Produce a word-for-word copy of the lines from the one that contains "Wenn es darum" to the final line of the data below, with all pictures dropped.
═══ MATERIAL PROVIDED
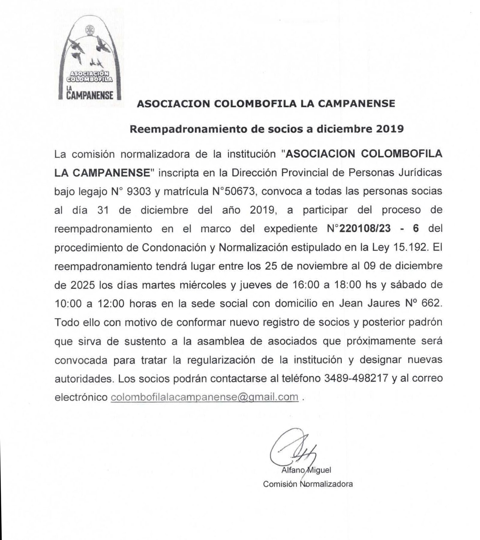 Asociación Colombófila La Campanense: Reempadronamiento de socios a diciembre 2019 a. ultimas noticias Convocatoria/edictos 17 de noviembre de 2025mariano
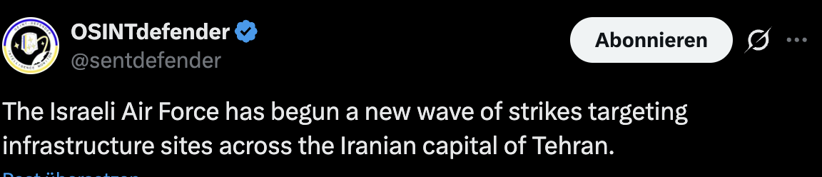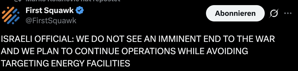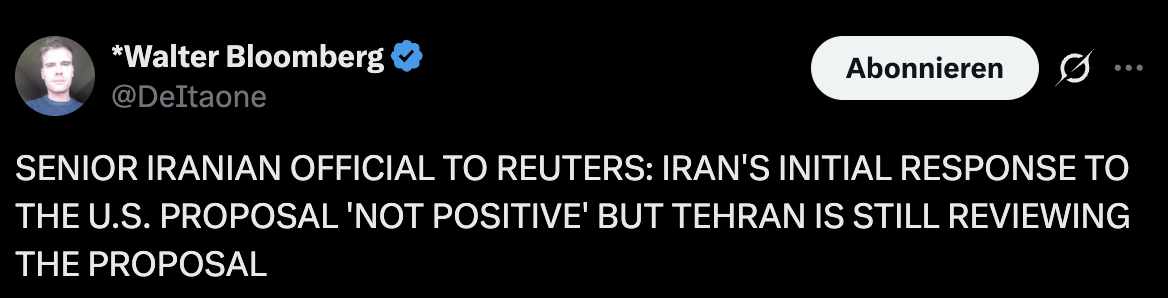 Wenn es darum geht, dann hätte Trump auch Israel bremsen müssen. Denke das wird weiter eskalieren, spätestens zum Wochendene.
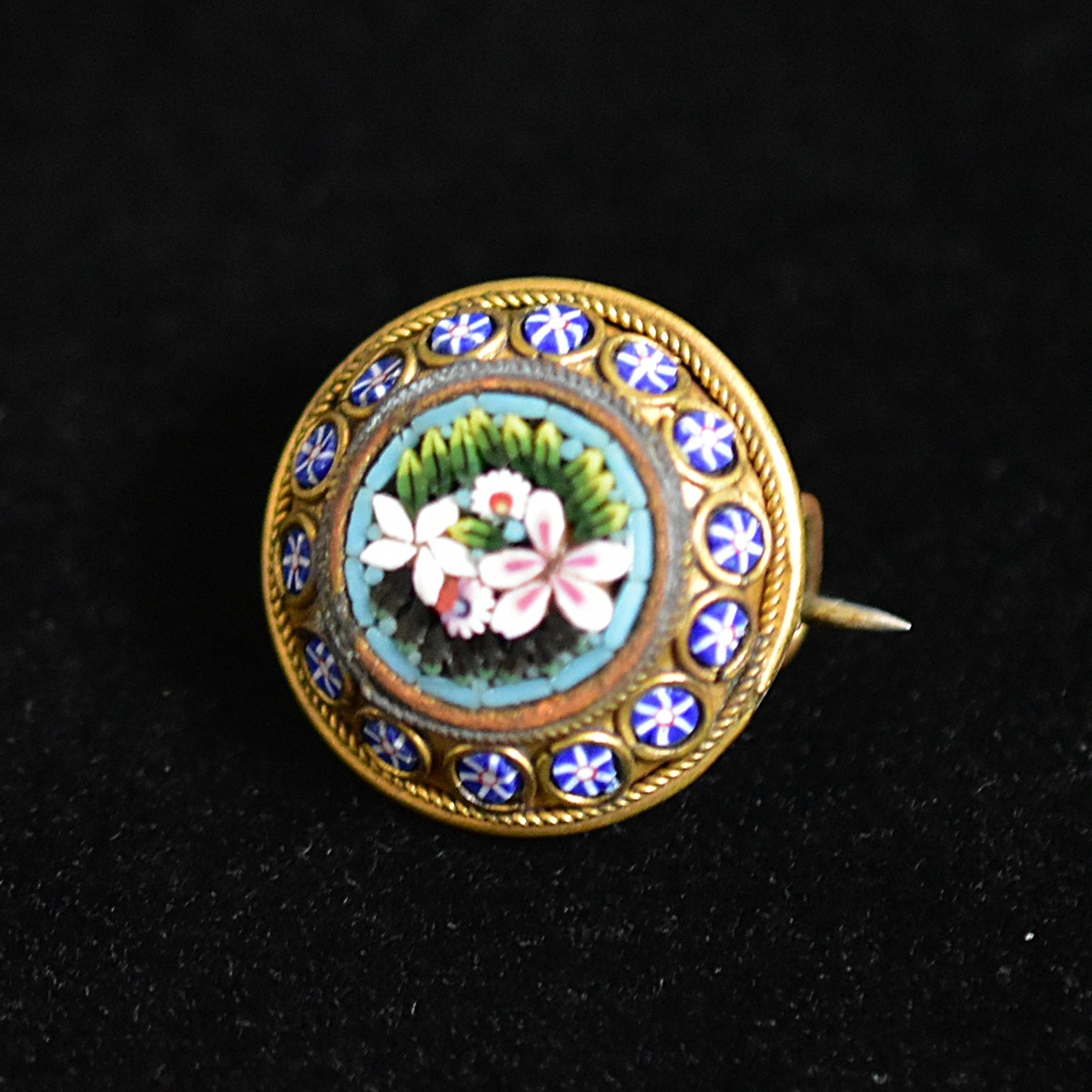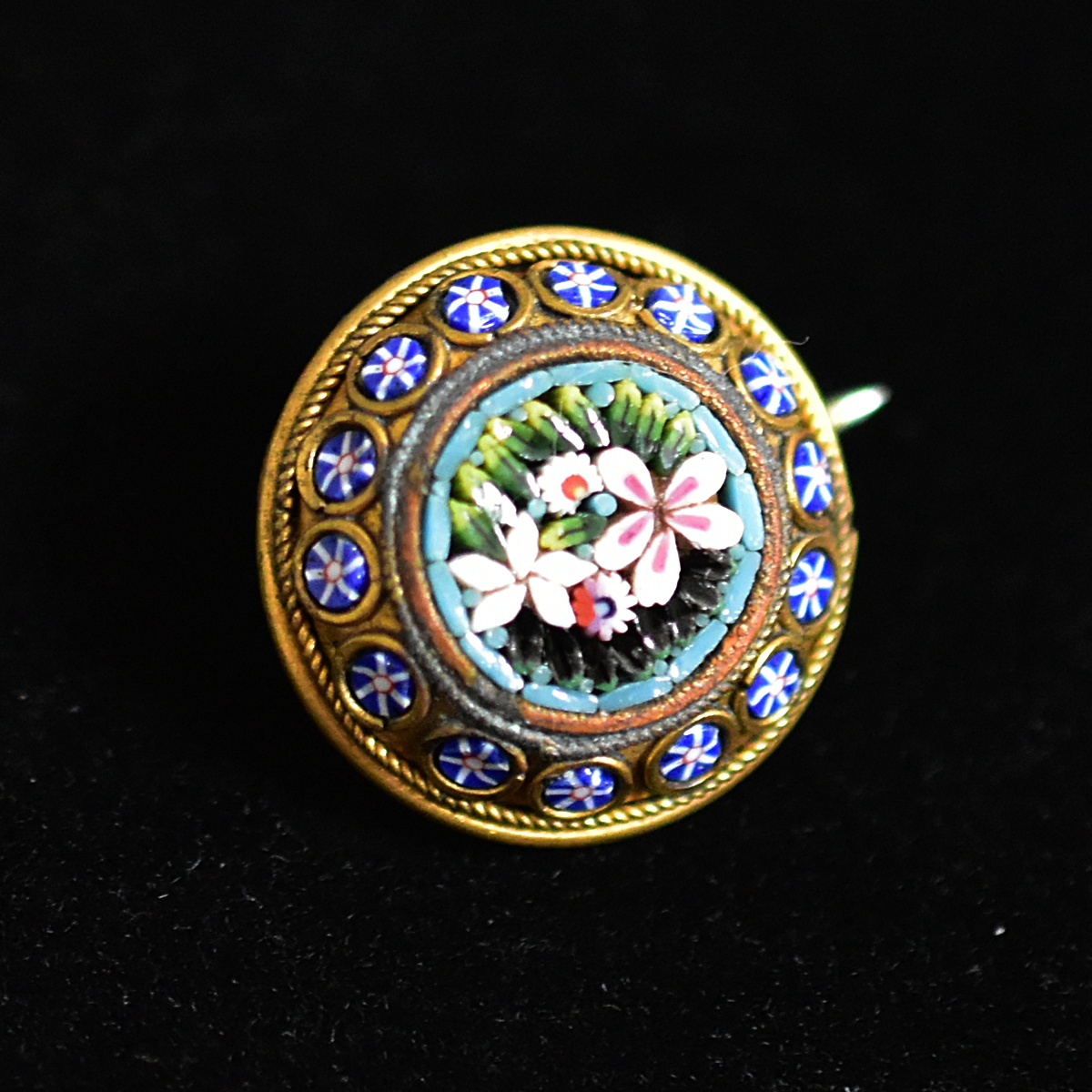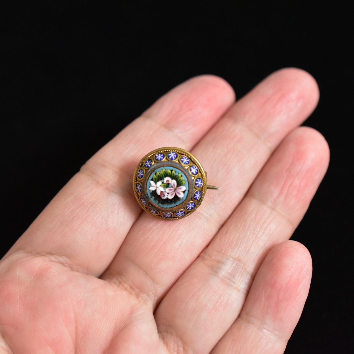 19世紀イタリアで作られたマイクロモザイクのブローチです。
══════
■ WORKED SOLUTION ■
 Wenn es darum geht, dann hätte Trump auch Israel bremsen müssen. Denke das wird weiter eskalieren, spätestens zum Wochendene.
 19世紀イタリアで作られたマイクロモザイクのブローチです。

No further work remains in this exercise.